Recorded data:
++++++
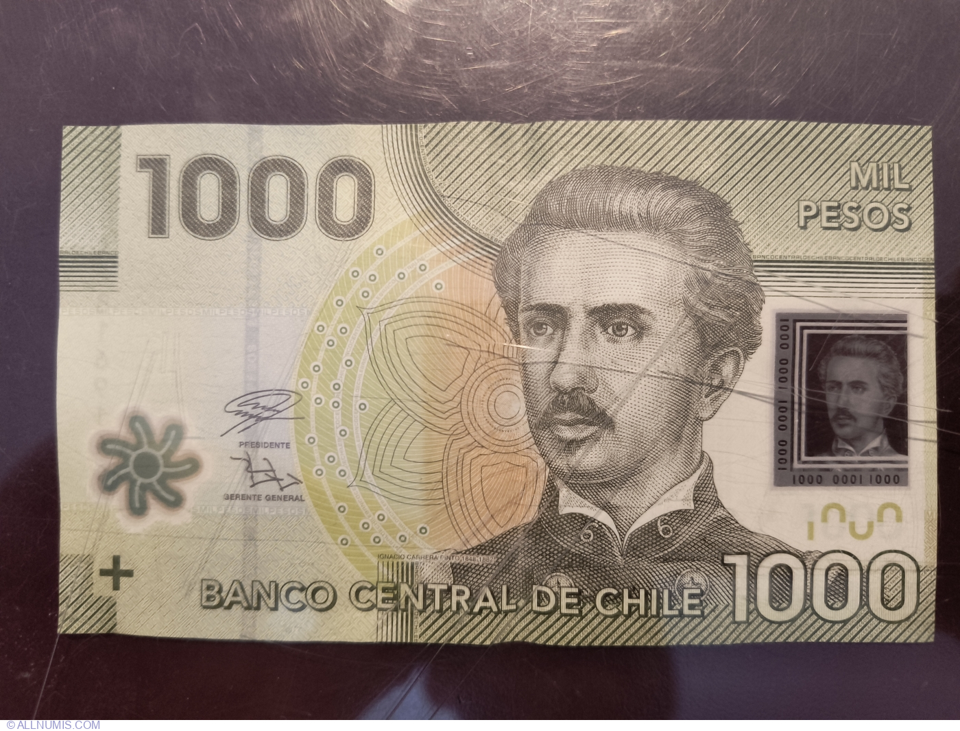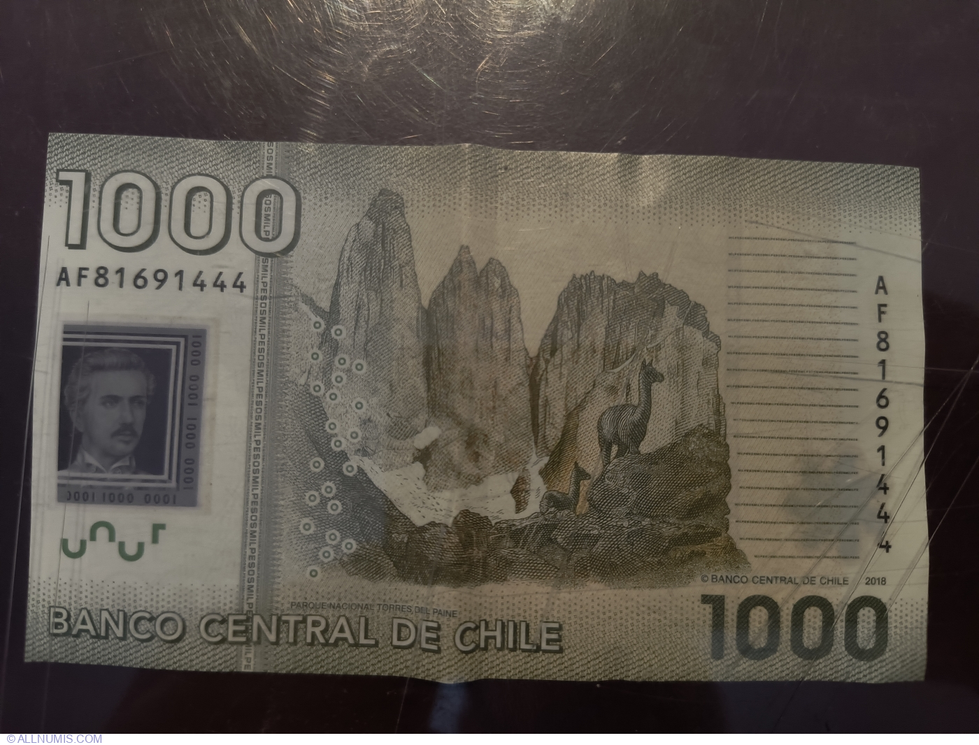CHILE 1000 PESOS UNC POLYMER Banknote (2018) P-161h Prefix FB Marcel-Zurbuchen
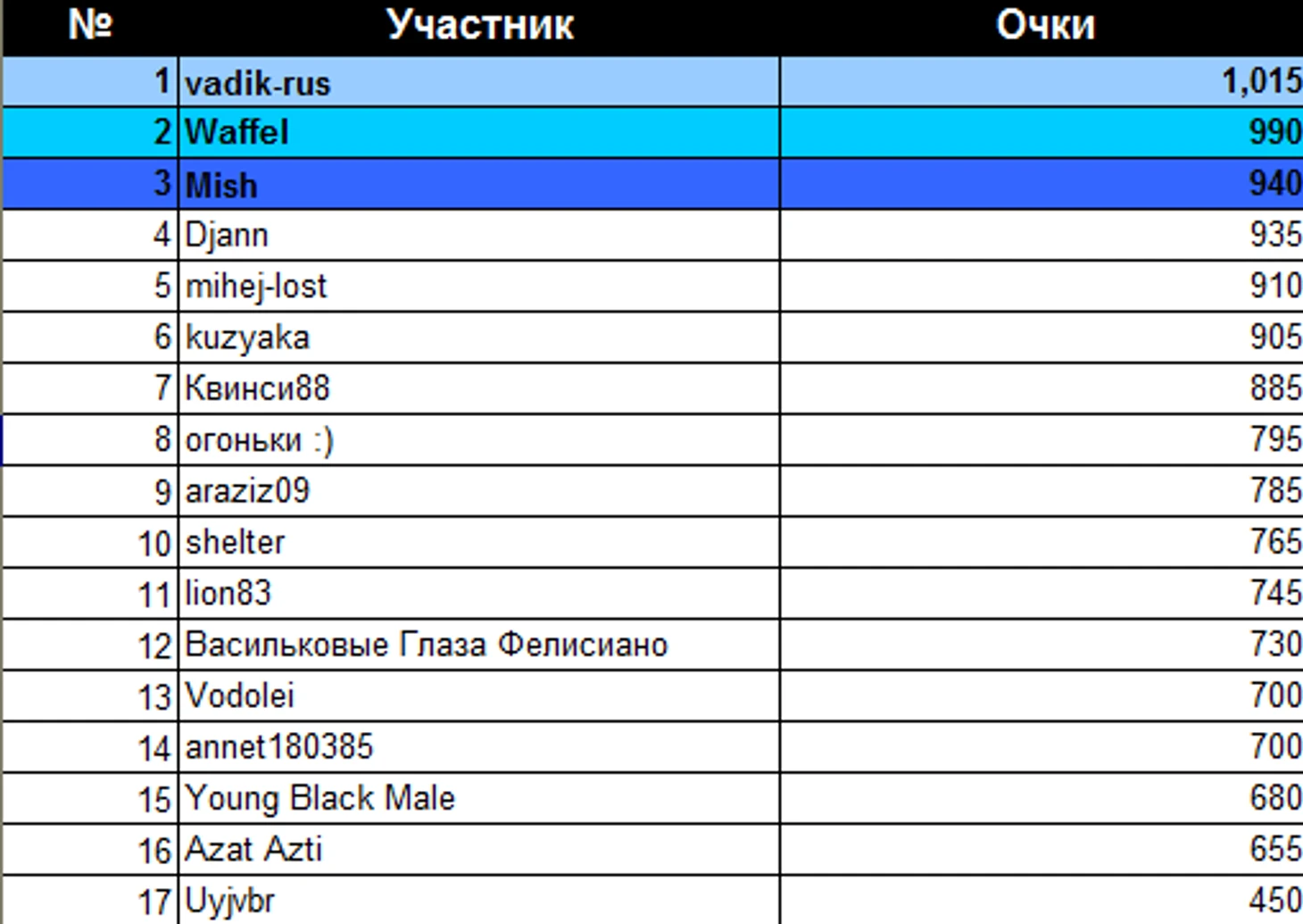 Победителям 5-го тура становится vadik-rus Поздравляю!
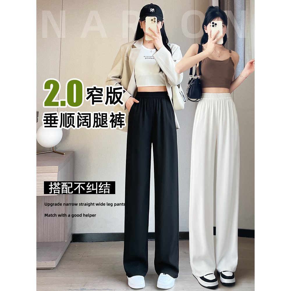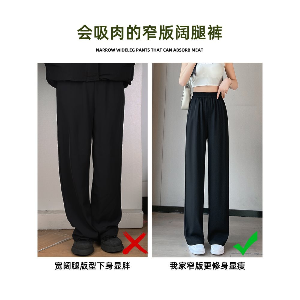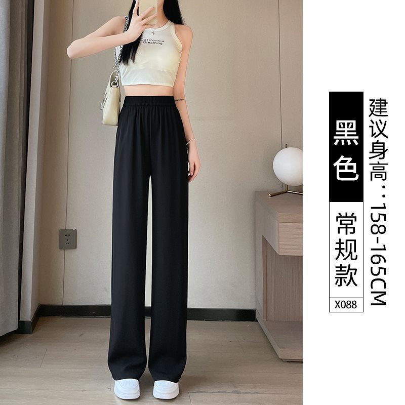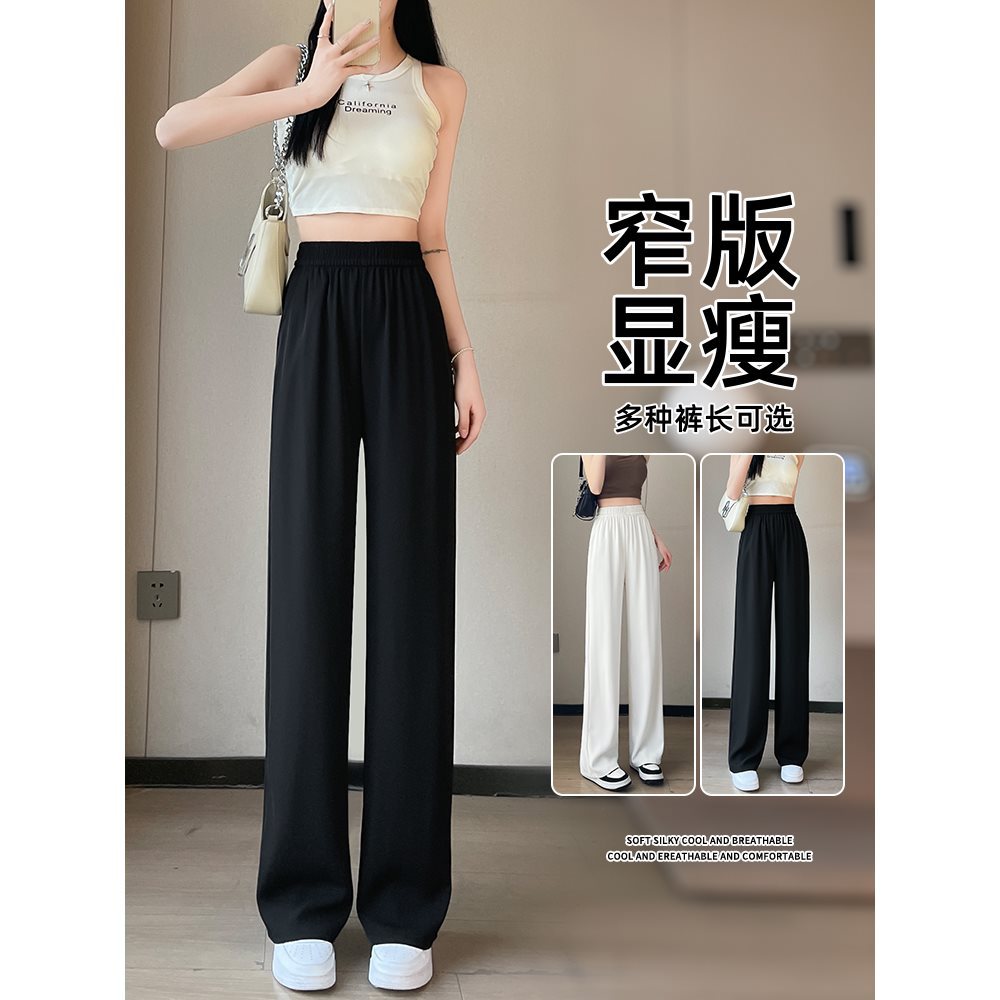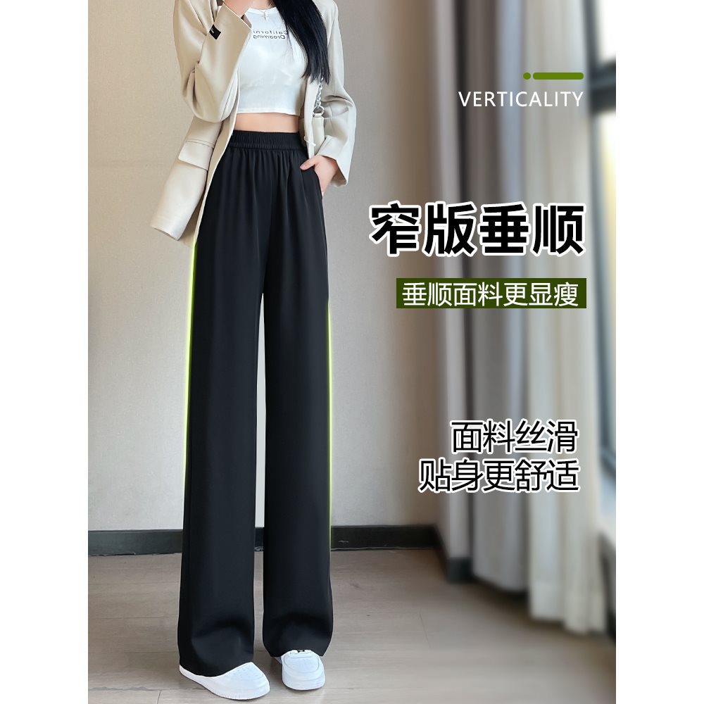 Широкие брюки из ледяного шелка для женщин, летние тонкие брюки 2025, новые повседневные драпированные узкие прямые черные брюки для костюма, летние
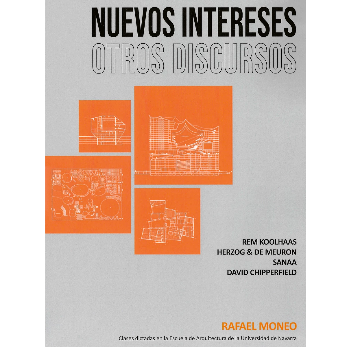 Con este doble propósito, Moneo sigue el método acuñado con talento en libros como Inquietud teórica y estrategia proyectual, fruto asimismo de unas clases y donde Moneo desplegó toda su capacidad crítica para desgranar el trabajo de ocho creadores, de James Stirling a Herzog & de Meuron, en lo que al cabo fue un intento de identificar las rupturas entre el periodo posmoderno y el del nuevo orden de finales de la década de 1980. En Nuevos intereses, otros discursos, Moneo acorta el campo de examen para centrarse sólo en cuatro arquitectos cuya trayectoria analiza con finura: si Koolhaas es el Le Corbusier contemporáneo que intenta desligarse de la modernidad canónica al tiempo que se declara exégeta privilegiado del tardocapitalismo, Herzog & de Meuron, ajenos a los grandes relatos, experimentan con la construcción primero y con los métodos de trabajo después, en tanto SANAA trabaja con una poética atmosférica que trasciende la espacialidad moderna, y Chipperfield resulta ser el epítome de la figura del arquitecto profesional, capaz de dar una respuesta de calidad en cada uno de los escenarios de la globalización.
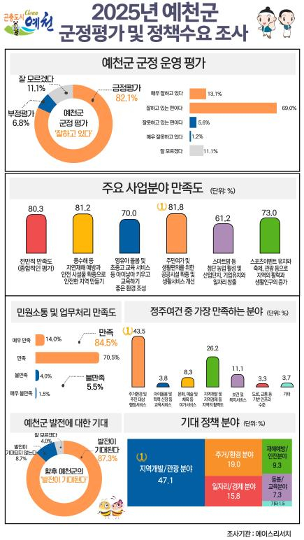 조사 결과, 응답자의 82.1%가 예천군의 군정 운영을 ‘잘하고 있다’고 평가했으며, 긍정적으로 평가한 응답자의 81.8%가 ‘주민 여가와 생활편의를 위한 공공시설 확충, 생활서비스 개선’ 분야에서 가장 높은 만족도를 보였다.
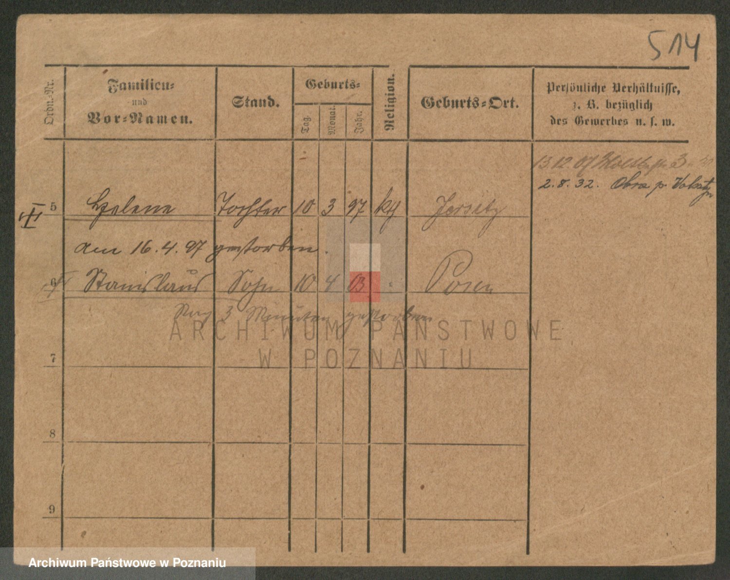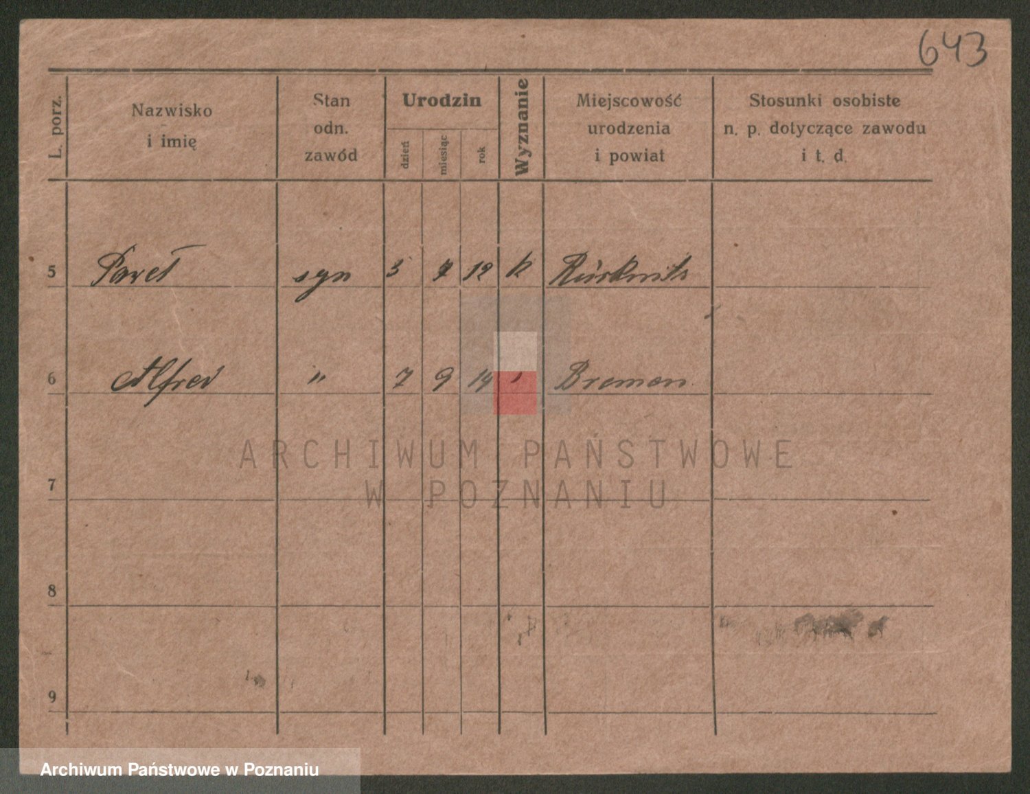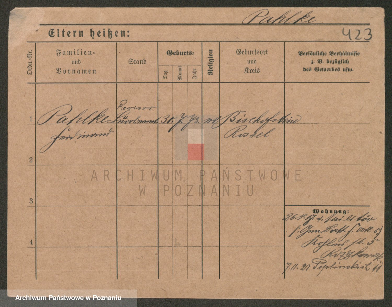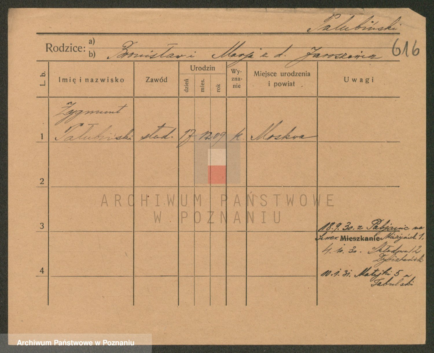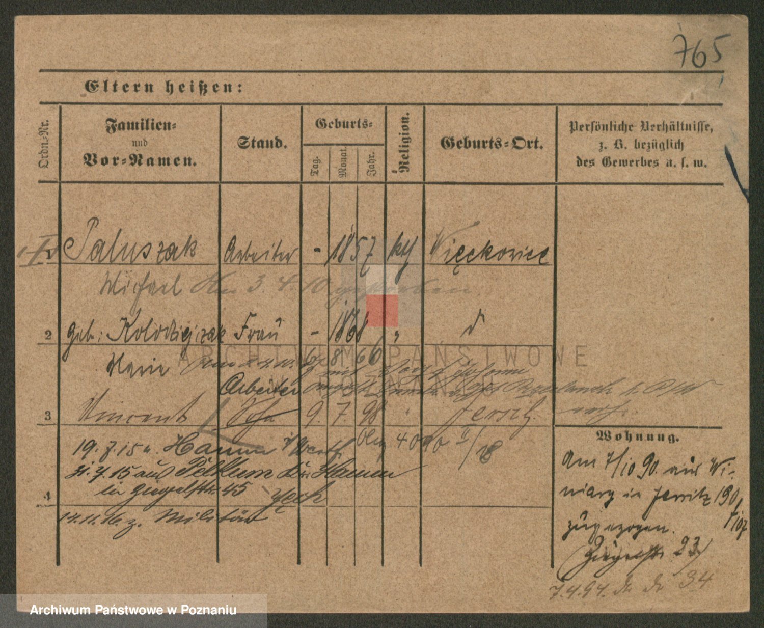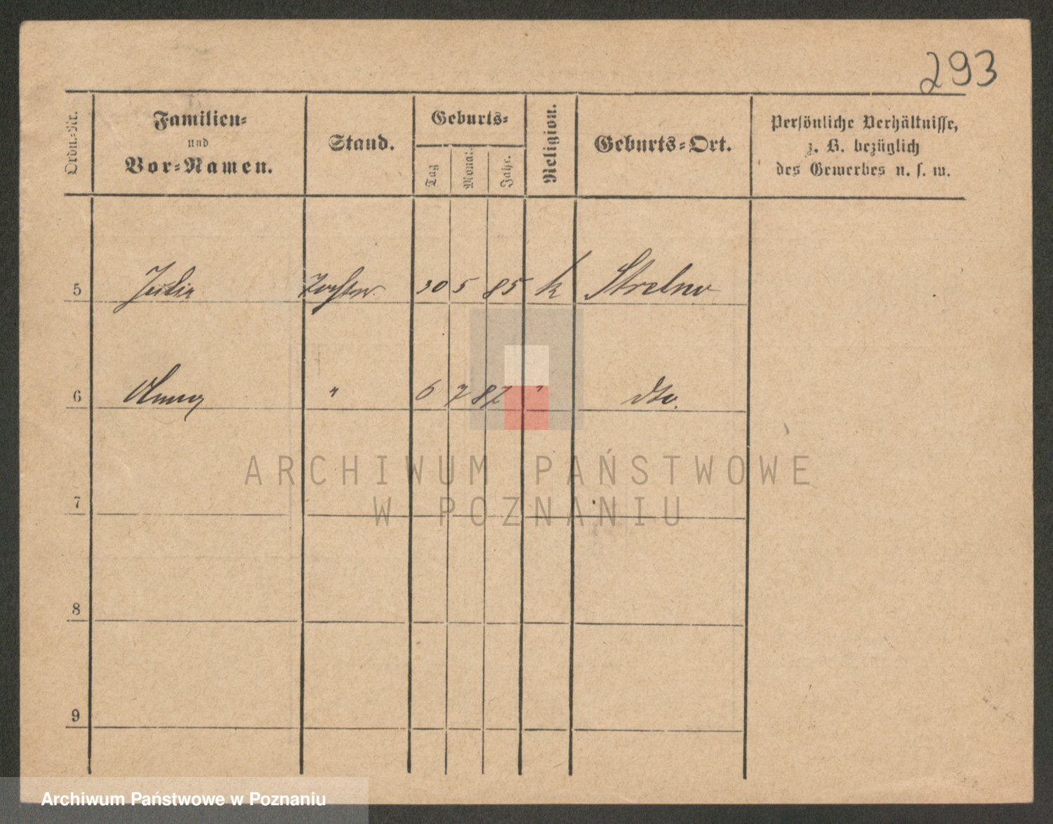 Podgląd karty osobowej dostępny jest po kliknięciu na nazwisko lub ikonkę karty. Można dokonywać powiększenia (ikony na górze) lub przechodzić między kolejnymi skanami (strzałki po bokach).
++++++
Task goal:
Please repeat the data verbatim and leave the pictures out of your copy.

Your solution:
CHILE 1000 PESOS UNC POLYMER Banknote (2018) P-161h Prefix FB Marcel-Zurbuchen
 Победителям 5-го тура становится vadik-rus Поздравляю!
 Широкие брюки из ледяного шелка для женщин, летние тонкие брюки 2025, новые повседневные драпированные узкие прямые черные брюки для костюма, летние
 Con este doble propósito, Moneo sigue el método acuñado con talento en libros como Inquietud teórica y estrategia proyectual, fruto asimismo de unas clases y donde Moneo desplegó toda su capacidad crítica para desgranar el trabajo de ocho creadores, de James Stirling a Herzog & de Meuron, en lo que al cabo fue un intento de identificar las rupturas entre el periodo posmoderno y el del nuevo orden de finales de la década de 1980. En Nuevos intereses, otros discursos, Moneo acorta el campo de examen para centrarse sólo en cuatro arquitectos cuya trayectoria analiza con finura: si Koolhaas es el Le Corbusier contemporáneo que intenta desligarse de la modernidad canónica al tiempo que se declara exégeta privilegiado del tardocapitalismo, Herzog & de Meuron, ajenos a los grandes relatos, experimentan con la construcción primero y con los métodos de trabajo después, en tanto SANAA trabaja con una poética atmosférica que trasciende la espacialidad moderna, y Chipperfield resulta ser el epítome de la figura del arquitecto profesional, capaz de dar una respuesta de calidad en cada uno de los escenarios de la globalización.
 조사 결과, 응답자의 82.1%가 예천군의 군정 운영을 ‘잘하고 있다’고 평가했으며, 긍정적으로 평가한 응답자의 81.8%가 ‘주민 여가와 생활편의를 위한 공공시설 확충, 생활서비스 개선’ 분야에서 가장 높은 만족도를 보였다.
 Podgląd karty osobowej dostępny jest po kliknięciu na nazwisko lub ikonkę karty. Można dokonywać powiększenia (ikony na górze) lub przechodzić między kolejnymi skanami (strzałki po bokach).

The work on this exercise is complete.